We have to deal with "bad" bins that have a lot of masked voxels:


In [53]:
import seaborn as sns
fs = 18
lfs = 14

x = df['synapses']
y = df['unmasked']/1e4

# with sns.plotting_context('notebook', font_scale=1.5), :
with sns.axes_style('white'):
    g = sns.jointplot(x=x, y=y, kind='hex', color='r', 
                  xlim=(x.min()-0.02*np.ptp(x),x.max()+0.02*np.ptp(x)), 
                  ylim=(y.min()-0.02*np.ptp(y),y.max()+0.02*np.ptp(y)),
                  joint_kws={'gridsize':40}, marginal_kws={'bins':40}, stat_func=None);
    plt.gcf().axes[1].set_title("JointPlot of Synapse Count vs.
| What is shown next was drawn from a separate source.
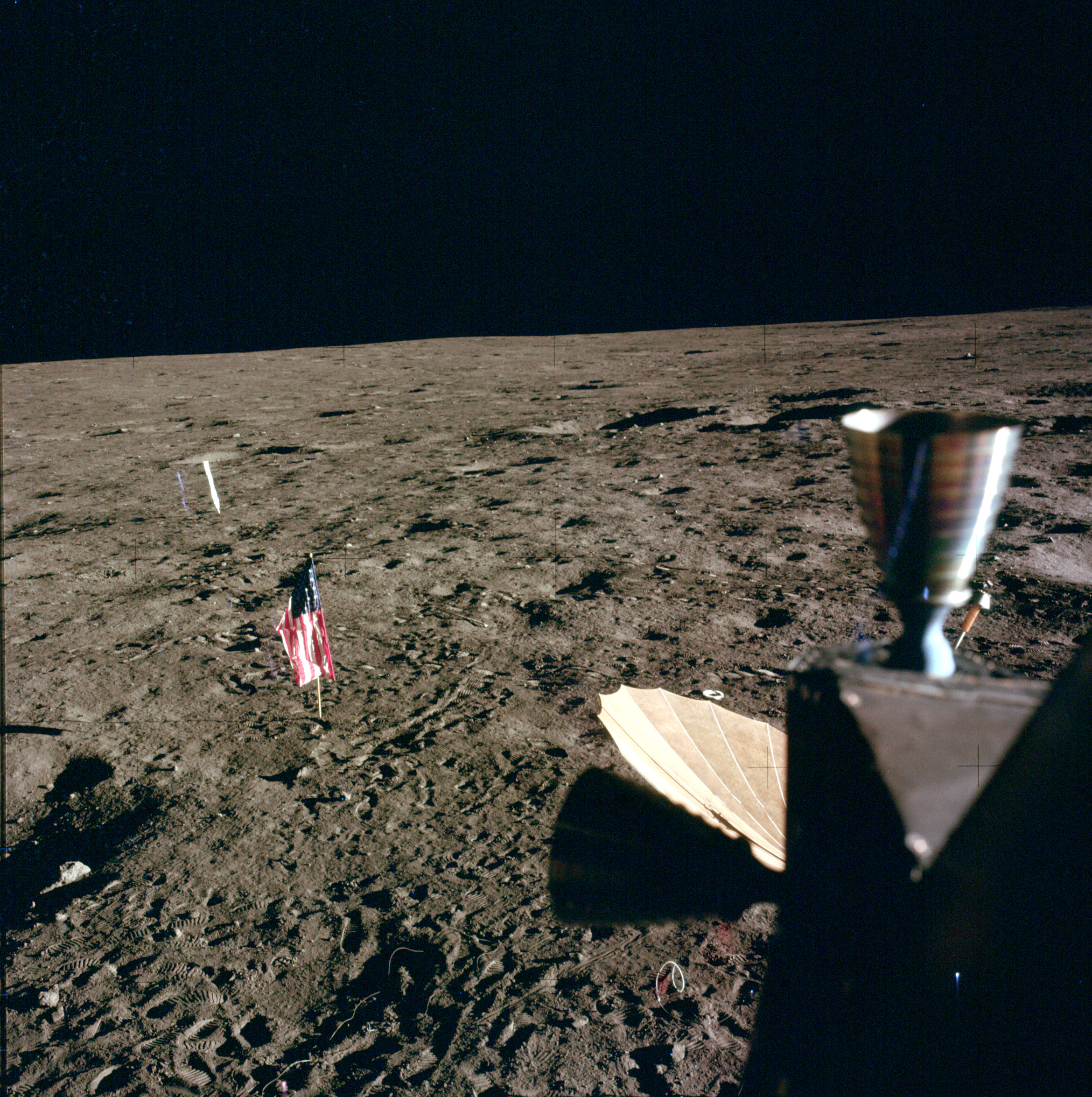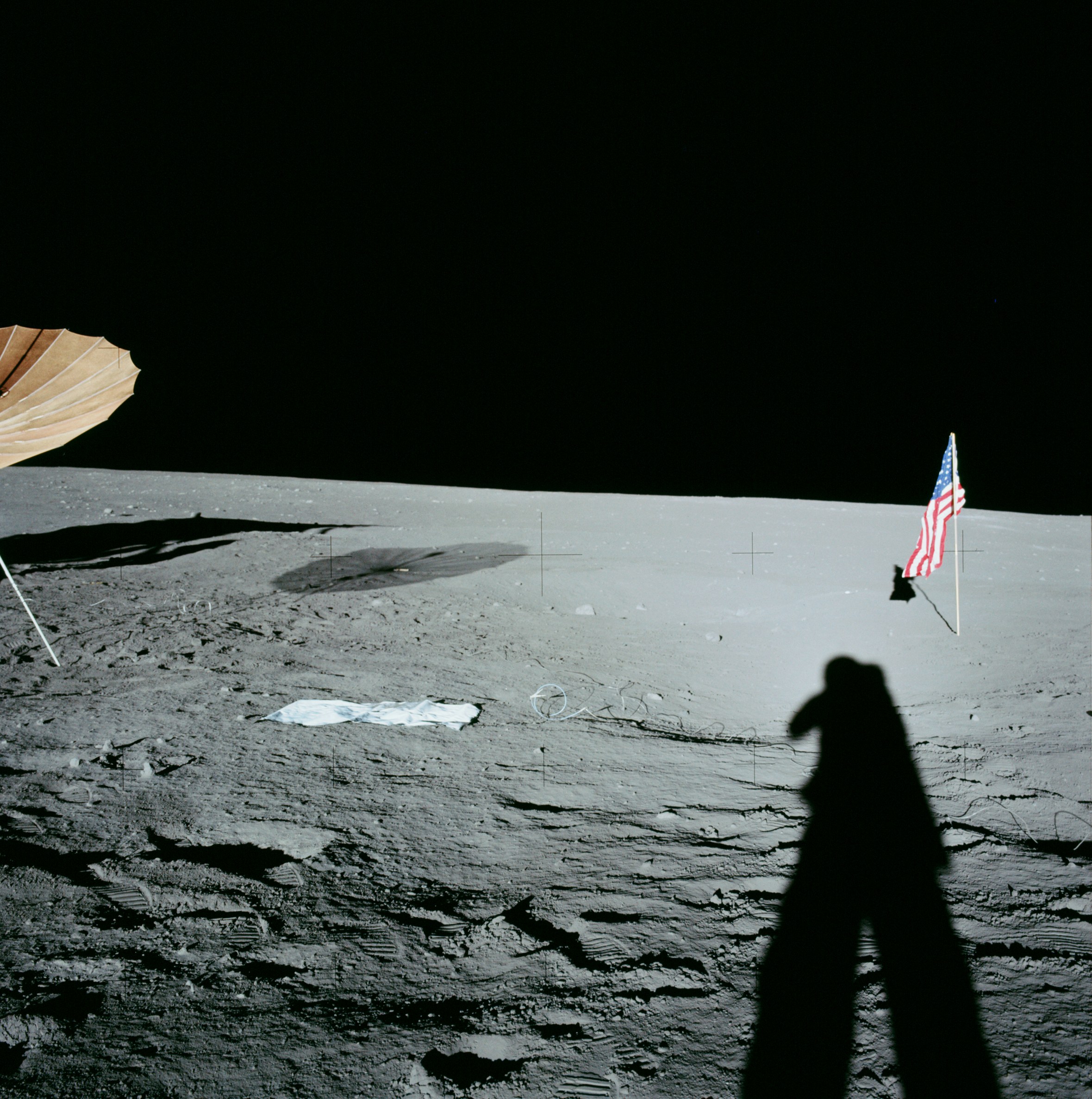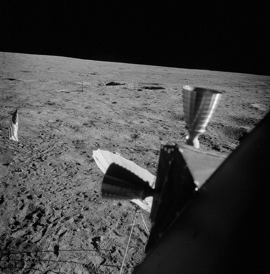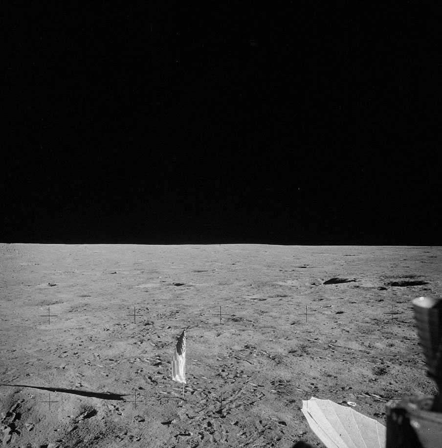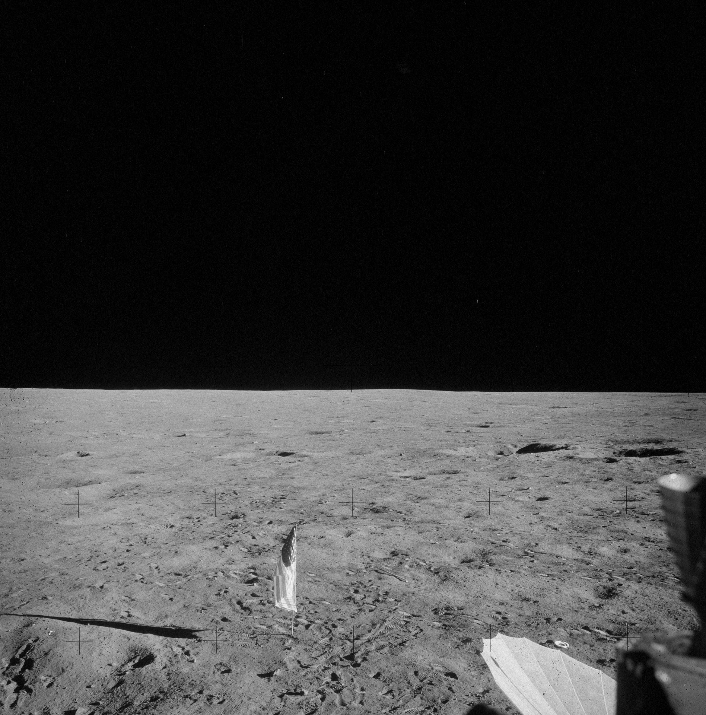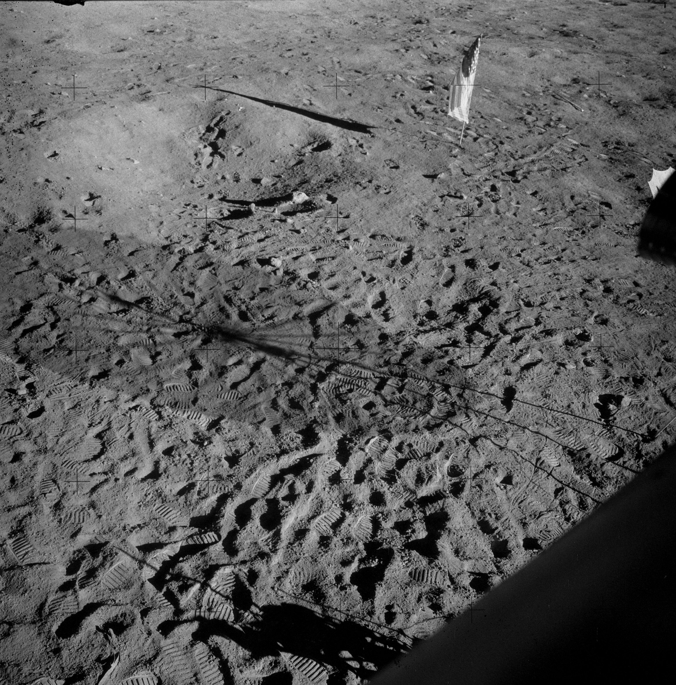 [Journal Contributor James Fincannon has used sunrise-to-sunset sequences of LROC images on the site to demonstrate that, as of 2009-2011, the Apollo 12 flag is still aloft and casting a shadow. The shadow cast by the erectable S-band antenna has also been identified.]11 August 2009 20:46:34 UTC; Solar El/Az 40.5/272.1; LRO altitude 103.1 km. (3.9 Mb)

Unmasked Count", fontsize = fs)
    plt.gcf().axes[0].set_xlabel("Synapses Count", fontsize = fs) 
    plt.gcf().axes[0].set_ylabel("Unmasked Count (1e4)", fontsize=fs)
    plt.tight_layout()
    plt.savefig('./figs/AndrewFigs/jointPlotSynUm.png', format='png', dpi=300)
    plt.show()


Weight each bin by the fraction of unmasked voxels (64x64x48 voxels/bin):


In [54]:
nvox = 64*64*48
df['weighted'] = df['synapses']/df['unmasked']*nvox
syn_wt = df['weighted']

print "There are", df['weighted'].isnull().sum(), "blank bins"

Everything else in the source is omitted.